As for economists, I don't think I've ever seen them be correct on anything in my entire life, so proving them wrong isn't a particularly high bar.

They've been right repeatedly on rent control

Left wing populism gave us the 8 hour workday and 5 day workweek

I don't really buy this framing. I know unions love to claim credit for it and maybe they have some path dependent reason for why compensation grew in that particular shape rather than 9 hours and higher pay, but firms were always going to have to compete for labor as capital built up and this necessarily leads to higher compensation one way or the other.

And no one ever seems to talk about the other end of the ledger for these special interest lobby groups we call unions. They don't represent the interests of everyone, only their members and do so almost always at the cost of everyone else. They hollowed out the competitiveness of our auto industry and after doing so simply banned outside competition so they could collect rents from everyone who wants a car. Through the Jones act they've killed our ability to ship things between our ports effectively so despite having an incredible gift of natural waterways we send things over land inefficiently. They've prevented port automation raising the cost of all import and exports.
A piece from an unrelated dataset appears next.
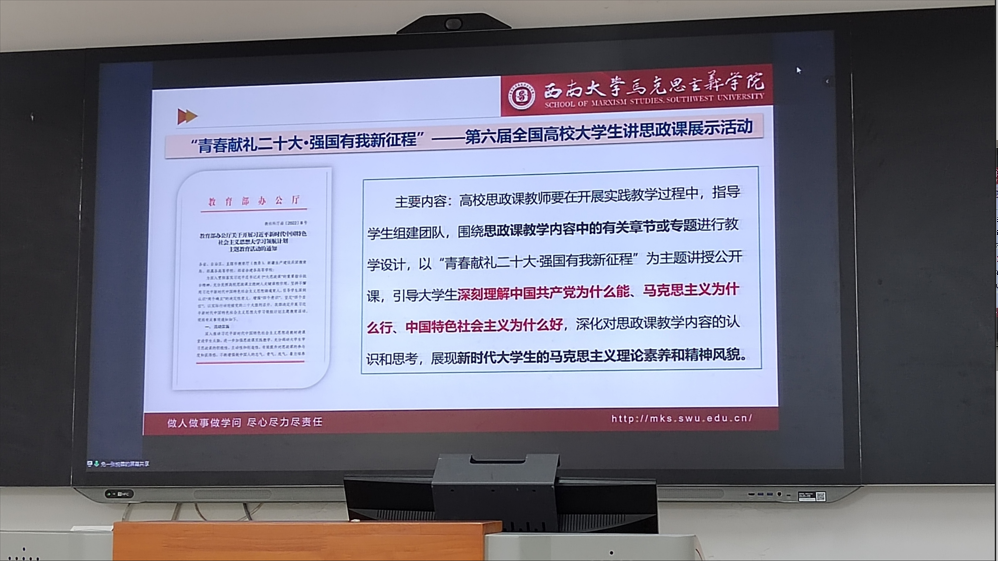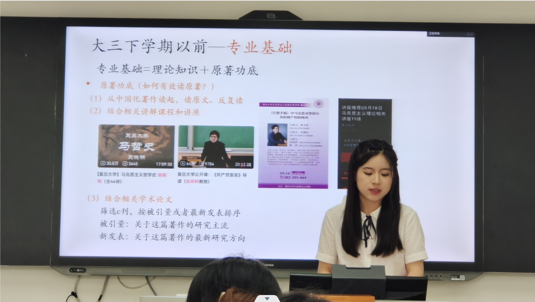 之后,张悦蓉同学分享了参加大学生讲思政课比赛的经验,讲解了比赛的底层逻辑、形式特点和能力需求等内容,并提出了提升教师基本功、全方位用理论武装头脑、积极参加比赛等几点建议。
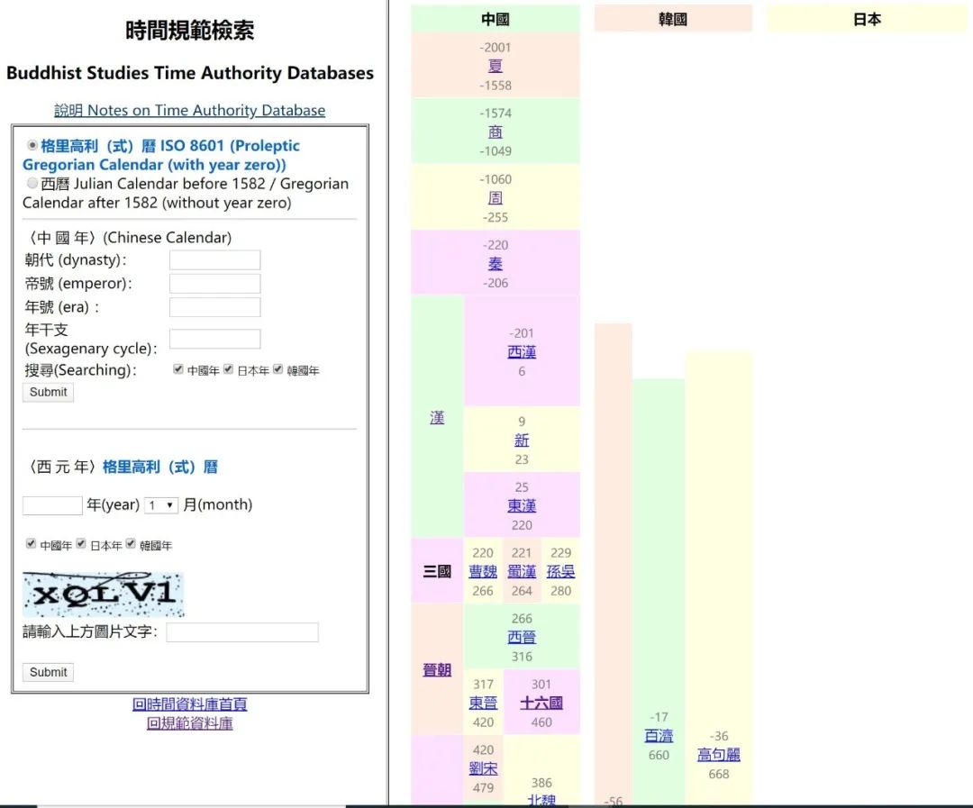 提供中日韩西曆时间对照,日期规範码查询,干支年月查询。最大特色为提供并行东亚年代的展示。目前可查询时间範围由秦始皇帝元年(BC 220/11/14) 至现今。

The unions are one of several big factors in retarding out ability to build the housing and infrastructure we need as they lobby to pork up bills with guarantees to use over priced union labor in contracts.

Behold Europe and it's pathetic nongrowth for a vision of what a union dominated society looks like.

As for state owned businesses I don't think that you can really say they all perform poorly - there are plenty of them that do incredibly well. Singtel has done so well that it has actually bought and acquired a decent portion of the private cell companies in other countries, for instance.

I looked into this because I'm always curious for these examples and Singtel is just simply not a state run company. The government does own a lot of it's shares but this isn't really what people mean when they talk about state owned companies. This is literally just a publicly traded company that the state owns a lot of shares in and doesn't have any real impact on whether it would succeed or fail.

And as for Bezos, isn't a large portion of his workforce reliant on welfare to survive anyway? Amazon is the worst of all worlds - the public purse is subsidising all their expenses in exchange for no return at all.

There is no support the state can give to the people that can't be categorized indirectly as subsidizing employers. If you want to redistribute income to people who's labor isn't very valuable, and I do support doing this, then you're inescapably subsidizing the firms they are employed by, no way out of it. Hell same for the higher paid employees.

in exchange for no return at all.

you mean besides the tax revenue of course.

And all of this is just distribution blame for the past, take a look at Mamdani for a vision of what leftist populism actually looks like with Charlie brown lining up for the 80th attempt at kicking the football of rent control and subsidized housing in the hopes that this time they'll prove the economists wrong.